EM Space: Risk-on is back on better economic data from the US and China

  • General Asia: Traders may track the gains on Wall Street with manufacturing numbers from the two largest economies surprised on the upside. US and China PMI numbers both bested market expectations although US retail sales slumped in reaction to the government shutdown and softer consumer confidence.
  • Thailand: Food and transport prices, both with chunky monthly increases, pushed the CPI inflation to 1.2% YoY in March from 0.7% in the previous month, surpassing the consensus of 0.9%. But the core CPI inflation remained at 0.6%. We don’t see inflation drifting far off the low end of the BoT’s 1-4% policy target this year, which with anaemic growth allows the BoT to leave the policy interest rate at 1.75% current level.

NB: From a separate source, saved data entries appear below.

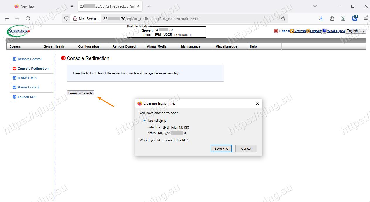 登录进去后,找到顶部 Remote Control, 然后点击Console Redirection – Launch Console, 即可下载IPMI的Java连接文件。将这个jnlp文件下载到本地后,双击即可连接IPMI iKVM终端(如果本地没有安装Java Runtime, 需要额外下载安装)。
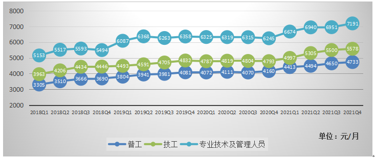 2021年第四季度末,企業(yè)在崗員工中,普工的平均工資為4733元/月,同比上升13.77%;技工的平均工資為5578元/月,同比上升16.38%;專業(yè)技術(shù)及管理人員的平均工資為7191元/月,同比上升15.15%。
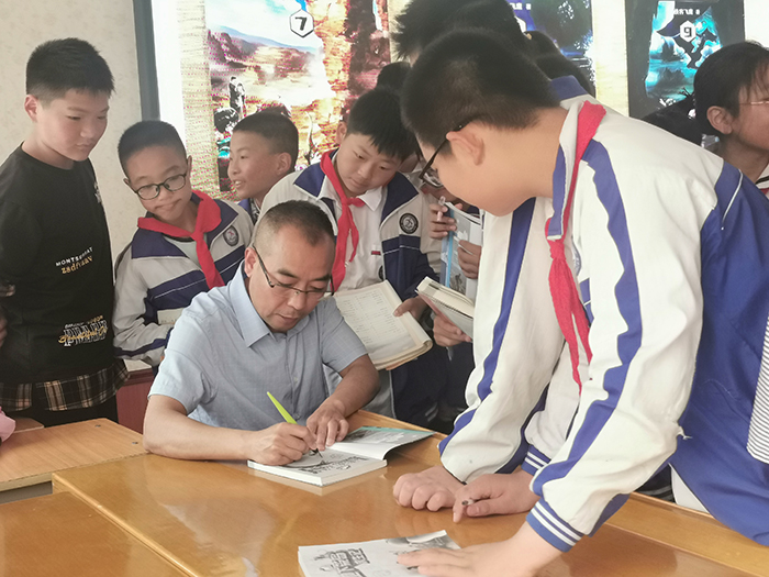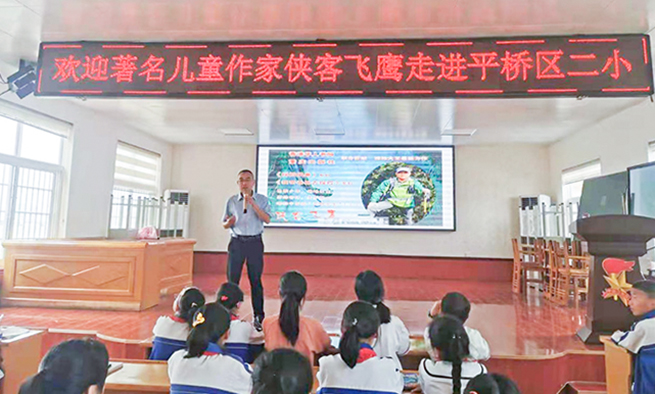 近日,在信陽市文藝志愿者協(xié)會成立大會結(jié)束后,河南省信陽市作協(xié)、市書協(xié)、市攝協(xié)、市美協(xié)立即響應(yīng)號召,行動起來,組織文學(xué)藝術(shù)家入校園、下基層,進(jìn)鄉(xiāng)村開展文藝志愿者在行動主題活動。信陽市文學(xué)志愿者、市作協(xié)副主席、兒童文學(xué)作家俠客飛鷹(陳春仁)走進(jìn)平橋區(qū)第二小學(xué)多媒體廳,為五年級階段100多名學(xué)生講授“如何寫好一篇游記作文”主題講座。

Meanwhile, persistently large current account surplus – February’s $6.5bn surplus was the third-largest ever – continues to support the THB appreciation pressure.
  • Malaysia: In some relief to stretched public finances, a Bloomberg report noted that the government managed to save MYR 806m in spending through renegotiation of 121 infrastructure projects undertaken by the previous government. Weak investment demand has been a missing link in growth since last year, which with current CPI deflation supports our call of a BNM policy rate cut at the next meeting in early May.
  • Indonesia: Inflation remains benign at 2.48% in March, drifting below the central bank's 2.5-4.5% target range from 2.57% in February. The main drivers were processed food, clothing and education costs ahead of Presidential elections this month. With inflation likely sticking to the low end of the target the central bank will be focusing on the IDR’s performance in deciding the monetary policy.
  • Philippines: The World Bank lowered its 2019 growth forecast for the Philippines to 6.4% from 6.5% citing the delay in the passage of the new spending bill, as well as weaker agricultural output stemming from the onset of the El Niño weather disturbance. The Bank also trimmed its 2020 outlook to 6.5% (from 6.6%). Growth will likely be supported by strong consumption demand amid slowing inflation, but government spending is seen to be “tempered” in the first half given the budget delay.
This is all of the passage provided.